◆ **Problem statement**
With the pictures set aside, reproduce each entry precisely as it reads.

◆ **Material provided**
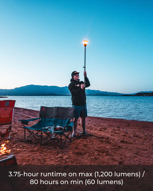 A rechargeable camping light and portable area light that raises overhead to light more space with less glare. The LightRanger 1200 is ideal for camping, overlanding, grilling, backyard nights, and power outages, with up to 1,200 lumens, adjustable 3–9 ft height, USB-C charging, and long runtime in a compact setup.
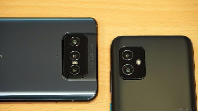 ▲ZenFone 8 Flip 內建了與上代相同的翻轉鏡頭設計,亦同樣配置了 3 鏡頭;而 ZenFone 8 就採用傳統直板機的機背鏡頭,採用雙鏡頭設計。
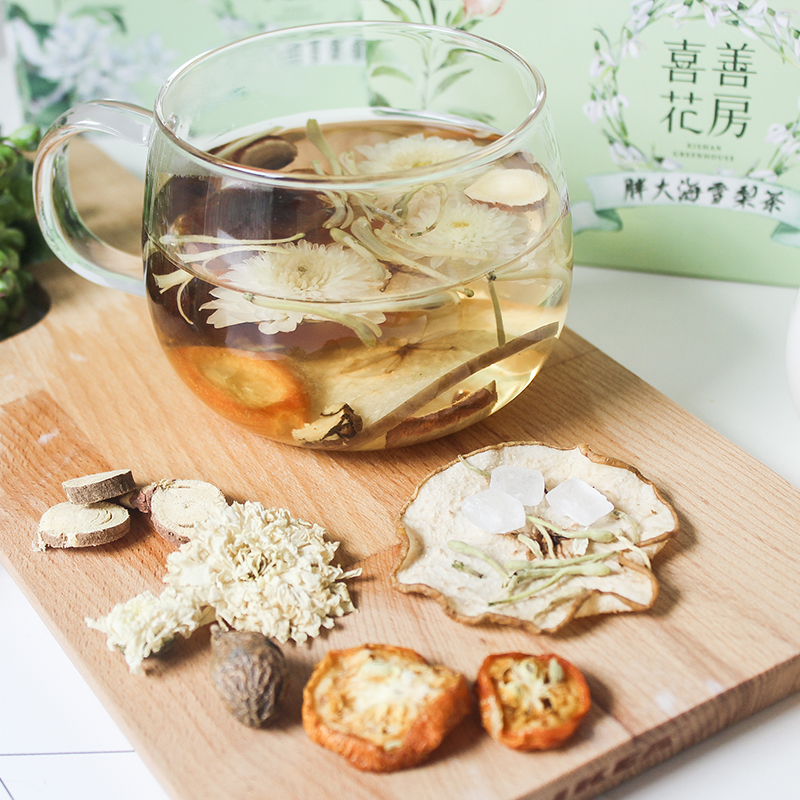 喜善花房胖大海雪梨茶 润喉茶特级菊花茶金银花花茶盒装组合茶 花草茶120g/盒
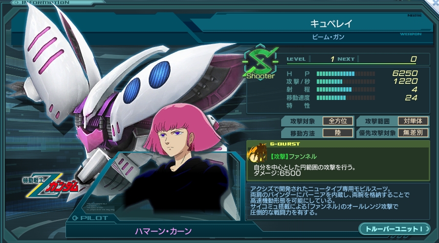 • G11来たからわくわくして強化・使用してみたら…専Gのトルーパー初期配置と違う火力だった事に気が付いた…専アビの効果はきちんと乗ってるが、何故別物のファンネルが出るんだと…。ので、G11からのステしか取ってなかったので一応載せ載せ -- 2021-02-28 (日) 13:03:48
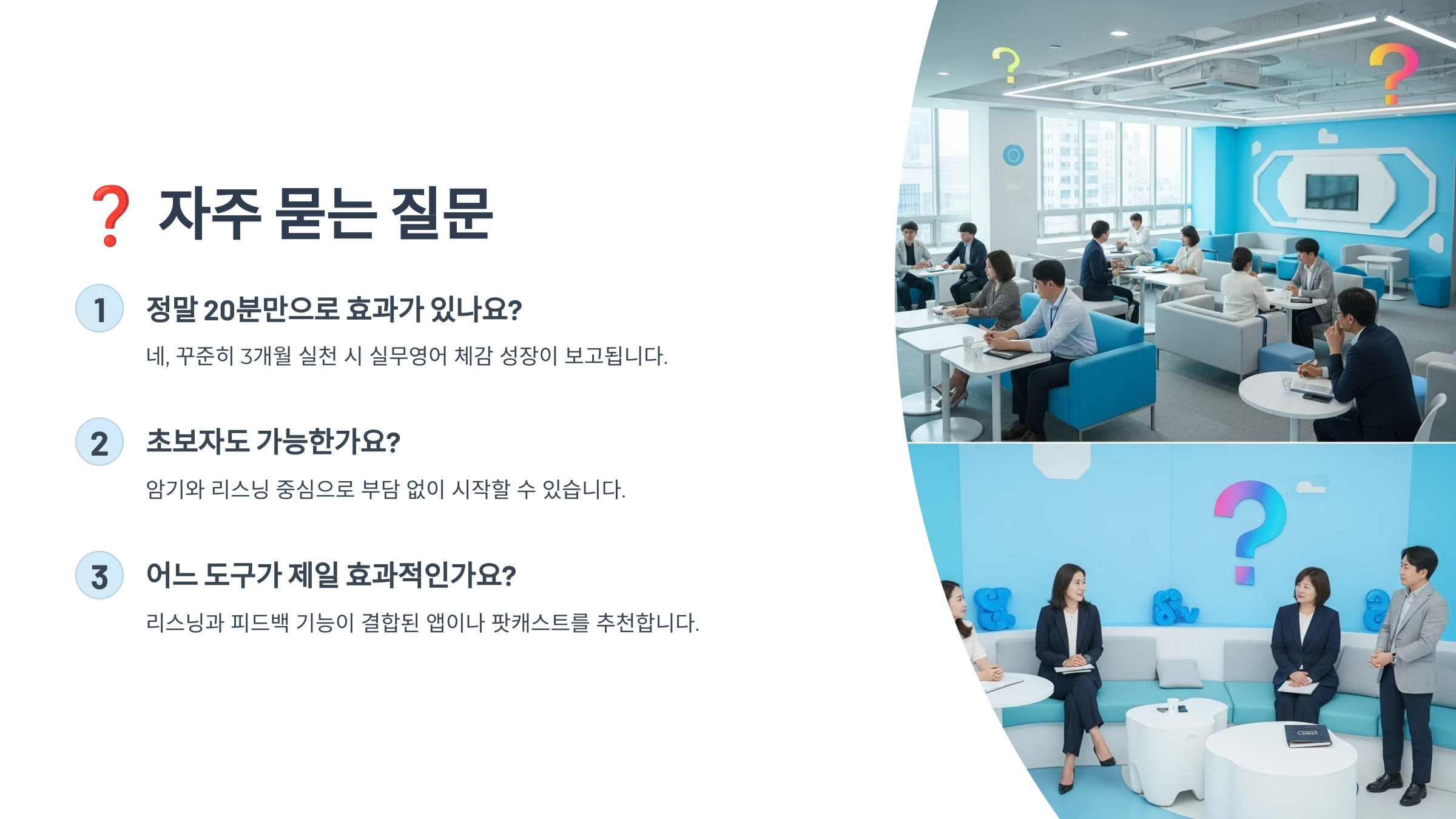 A8. 보통 2~3주면 듣기 실력이 오르고, 4~6주 후에는 말하기 자신감도 생겨요. 꾸준히만 하면 누구나 가능해요!
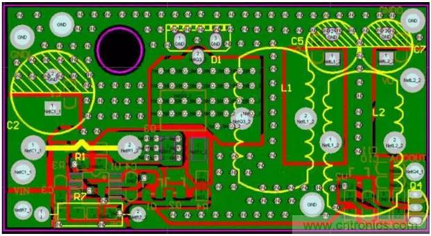 功率地线由于有大电流流过,如果处理不当就会产生很大的干扰,不能带重载,甚至不能正常工作.

◆ **Solved problem**
 A rechargeable camping light and portable area light that raises overhead to light more space with less glare. The LightRanger 1200 is ideal for camping, overlanding, grilling, backyard nights, and power outages, with up to 1,200 lumens, adjustable 3–9 ft height, USB-C charging, and long runtime in a compact setup.
 ▲ZenFone 8 Flip 內建了與上代相同的翻轉鏡頭設計,亦同樣配置了 3 鏡頭;而 ZenFone 8 就採用傳統直板機的機背鏡頭,採用雙鏡頭設計。
 喜善花房胖大海雪梨茶 润喉茶特级菊花茶金银花花茶盒装组合茶 花草茶120g/盒
 • G11来たからわくわくして強化・使用してみたら…専Gのトルーパー初期配置と違う火力だった事に気が付いた…専アビの効果はきちんと乗ってるが、何故別物のファンネルが出るんだと…。ので、G11からのステしか取ってなかったので一応載せ載せ -- 2021-02-28 (日) 13:03:48
 A8. 보통 2~3주면 듣기 실력이 오르고, 4~6주 후에는 말하기 자신감도 생겨요. 꾸준히만 하면 누구나 가능해요!
 功率地线由于有大电流流过,如果处理不当就会产生很大的干扰,不能带重载,甚至不能正常工作.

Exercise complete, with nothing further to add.